There seem to be two call traces according to dmesg:
true 0 waking futex-prob: 1732 1732
Badness in task_rq_lock at kernel/sched.c:277
Call Trace:
[<c011c678>] task_rq_lock+0x78/0xf4
[<c011ccbd>] try_to_wake_up+0x1d/0x2c0
[<c012d35b>] send_signal+0xdb/0x128
[<c011cf80>] wake_up_state+0xc/0x10
[<c012ea0d>] do_notify_parent+0x499/0x54c
[<c0178454>] dput+0x1c/0x274
[<c016226c>] __fput+0xfc/0x124
[<c0160b6e>] filp_close+0x62/0x70
[<c0125c1e>] exit_notify+0x61e/0x660
[<c0126102>] do_exit+0x4a2/0x4b4
[<c012625c>] sys_exit_group+0x0/0x14
[<c012626c>] sys_exit_group+0x10/0x14
[<c038d3f2>] sysenter_past_esp+0x43/0x65
sshd 0 waking futex-prob: 1732 1732
Badness in task_rq_lock at kernel/sched.c:277
Call Trace:
[<c011c678>] task_rq_lock+0x78/0xf4
[<c011ccbd>] try_to_wake_up+0x1d/0x2c0
[<c014a86c>] kmem_cache_alloc+0x20/0x68
[<c012d2be>] send_signal+0x3e/0x128
[<c011cf80>] wake_up_state+0xc/0x10
[<c012d97c>] group_send_sig_info+0x2cc/0x3f0
[<c012dafe>] __kill_pg_info+0x5e/0x90
[<c012db62>] kill_pg_info+0x32/0x5c
[<c012df03>] kill_pg+0x1b/0x20
[<c02536e0>] n_tty_receive_buf+0x530/0x11bc
[<c0334a85>] release_sock+0x75/0x7f
[<c0355fee>] tcp_recvmsg+0x656/0x694
[<c0202141>] avc_has_perm+0x41/0x4d
[<c02561f3>] pty_write+0x12b/0x198
[<c02550dd>] write_chan+0x195/0x1f4
[<c011f088>] default_wake_function+0x0/0x1c
[<c011f088>] default_wake_function+0x0/0x1c
[<c024f982>] tty_write+0x22a/0x2e4
[<c0254f48>] write_chan+0x0/0x1f4
[<c0161517>] vfs_write+0xb7/0xf0
[<c01615d0>] sys_write+0x30/0x50
[<c038d3f2>] sysenter_past_esp+0x43/0x65
But setting a breakpoint in task_rq_lock(), kgdb only ever seems to find
one:
Breakpoint 1, task_rq_lock (p=0xcf3a8330, flags=0xcf105e88) at kernel/sched.c:274
274 printk("%s %i waking %s: %i %i\n",
(gdb) bt
#0 task_rq_lock (p=0xcf3a8330, flags=0xcf105e88) at kernel/sched.c:274
#1 0xc011ce7d in try_to_wake_up (p=0xcf3a8330, state=1, sync=0) at kernel/sched.c:792
#2 0xc011cf80 in wake_up_state (p=0xcf29d420, state=3473952768) at kernel/sched.c:849
#3 0xc012ea0d in do_notify_parent (tsk=0xcf29d420, sig=17) at kernel/signal.c:552
#4 0xc0125c1e in exit_notify (tsk=0xcf29d420) at kernel/exit.c:716
#5 0xc0126102 in do_exit (code=0) at kernel/exit.c:790
#6 0xc012625c in do_group_exit (exit_code=0) at kernel/exit.c:861
#7 0xc012626c in sys_exit_group (error_code=0) at kernel/exit.c:872
#8 0xc038d3f2 in sysenter_past_esp () at net/key/af_key.c:2834
Looks like breakage in the signal code.
Andrew Morton <[email protected]> wrote:
>
> > > Here ya go. :)
>
> Dirk, thanks for that.
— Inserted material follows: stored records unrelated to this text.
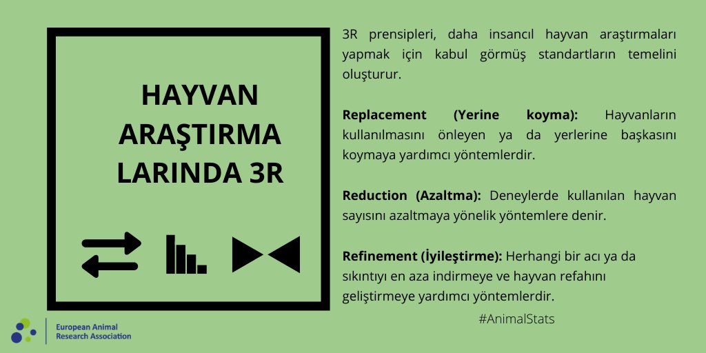 #3Rs prensipleri hayvanlarla araştırma yapmak için kabul edilen standartların temelini oluşturur. Avrupa genelinde birçok 3R merkezi bulunmaktadır. Ayrıntılar için: https://www.eara.eu/animal-research-alternatives …#hayvanaraştırmaları#EARA#AnimalStats#animalresearchpic.twitter.com/8xho2yjqTK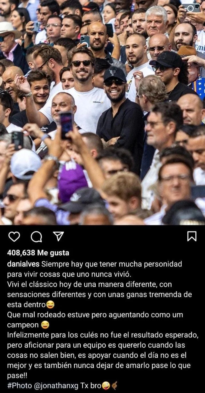 دنی آلوز در صفحه اینستاگرام خود به طنز نوشت که به عنوان نفوذی در میان هواداران رئال حاضر شده است. او نوشت: شما همیشه باید چیزهایی را تجربه کنید که در گذشته تجربه نکردید. من میان طرفداران رئال بودم ولی توانستم به مانند یک قهرمان رفتار کنم.متاسفانه این نتیجه، نتیجه دلخواه برای هواداران کاتالان نبود ولی شما وقتی عاشق یک تیم هستید، نتیجه بد باعث نمیشود علاقه و عشقتان نسبت به آن کم شود یا تغییری کند.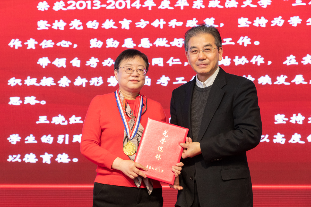 校党委书记郭为禄表示很高兴再次见证了新老两代华政人的师德接力传递。向为学校作出贡献即将荣休的各位老师表示崇高敬意,对新入职的同事表示热烈欢迎。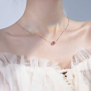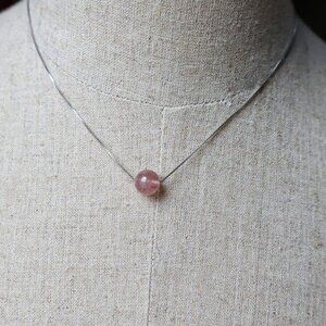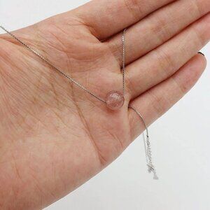 Unique Looking Dainty Rose Quartzt floating on a tiny 925 sterling silver chain. This necklace is very lightweight and has a delicate, subtle look. Enhances beauty with stunning combination a must have addition to any woman's jewelry collection.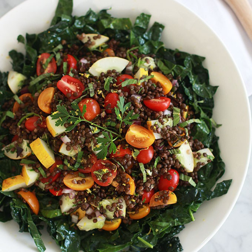 - In the same bowl, add lentils, cucumber, tomatoes, onion, parsley, basil, and the rest of the dressing. Gently toss to combine. Spread over kale and enjoy!

It's worth its weight.
>
> >
> > Doesn't work for me (2.6.5-rc1 Debian unstable 2xi686).
>
> It works here.
Then again, I only saw the debug messages on the wakeup path. I'm unable
to trigger the warning in futex_wait().